2.4.2 Recurrent neural networks (RNNs) and linear layers

Two special types of neural network components are important for sentiment analysis—recurrent neural networks (RNNs) and linear layers. I’ll explain them in detail in later chapters, but I’ll briefly describe what they are and their roles in sentiment analysis (or in general, sentence classification).

A recurrent neural network (RNN) is a neural network with loops, as shown in figure 2.7. It has an internal structure that is applied to the input again and again. Using the programming analogy, it’s like writing a function that contains for word in sentence: that loops over each word in the input sentence. It can either output the interim values of the internal variables of the loop, or the final values of the variables after the loop is finished, or both. If you just take the final values, you can use an RNN as a function that transforms a sentence to a vector with a fixed length. In many NLP tasks, you can use an RNN to transform a sentence to an embedding of the sentence. Remember word embeddings? They were fixed-length representation of words. Similarly, RNNs can produce fixed-length representation of sentences.

CH02_F07_Hagiwara

Figure 2.7 Recurrent neural network (RNN)

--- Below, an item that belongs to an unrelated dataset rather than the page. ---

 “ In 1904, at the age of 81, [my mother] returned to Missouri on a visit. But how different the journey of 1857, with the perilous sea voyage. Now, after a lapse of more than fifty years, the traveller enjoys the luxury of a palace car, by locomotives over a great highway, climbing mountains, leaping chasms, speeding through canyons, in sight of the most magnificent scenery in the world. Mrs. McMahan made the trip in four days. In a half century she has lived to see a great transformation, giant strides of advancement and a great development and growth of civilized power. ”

Another type of neural network component we’ll be using here is linear layers. A linear layer, also called a fully connected layer, transforms a vector to another vector in a linear fashion. As mentioned earlier, layer is just a fancier term for a substructure of neural networks, because you can stack them on top of each other to form a larger structure.

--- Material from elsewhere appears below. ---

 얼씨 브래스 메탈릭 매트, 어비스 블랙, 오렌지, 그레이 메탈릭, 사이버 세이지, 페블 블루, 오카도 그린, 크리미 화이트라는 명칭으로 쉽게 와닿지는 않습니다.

Remember, neural networks can learn nonlinear relationships between the input and the output. Why would we want something that is more constrained (linear) at all? Linear layers are used for compressing (or less often, expanding) vectors by reducing (or increasing) the dimensionality. For example, assume you receive a 64-dimensional vector (an array of 64 float numbers) from an RNN as a sentence embedding, but all you care about is a smaller number of values that are essential for your prediction. In sentiment analysis, you may care about only five values that correspond to five different sentiment labels, namely, strongly positive, positive, neutral, negative, and strongly negative. But you have no idea how to extract those five values from the embedded 64 values. This is exactly where a linear layer comes in handy—you can add a layer that transforms a 64-dimensional vector to a 5-dimensional one, and the neural networks figure out how to do that well, as shown in figure 2.8.

CH02_F08_Hagiwara

Figure 2.8 Linear layer

2.4.3 Architecture for sentiment analysis

Now you are ready to put the components together to build the neural network for the sentiment analyzer. First, you need to create the RNN as follows:

encoder = PytorchSeq2VecWrapper(
    torch.nn.LSTM(EMBEDDING_DIM, HIDDEN_DIM, batch_first=True))

Don’t worry too much about PytorchSeq2VecWrapper and batch_first=True. Here, you are creating an RNN (or more specifically, one type of RNN called LSTM, which stands for long short-term memory). The size of the input vector is EMBEDDING_DIM, which we saw earlier, and that of the output vector is HIDDEN_DIM.

Next, you need to create a linear layer, as shown here:

self.linear = torch.nn.Linear(in_features=encoder.get_output_dim(),
                              out_features=vocab.get_vocab_size('labels'))

The size of the input vector is defined by in_features, whereas out_features is that of the output vector. Because we are transforming the sentence embedding to a vector whose elements correspond to five sentiment labels, we need to specify the size of the encoder output and obtain the total number of labels from vocab.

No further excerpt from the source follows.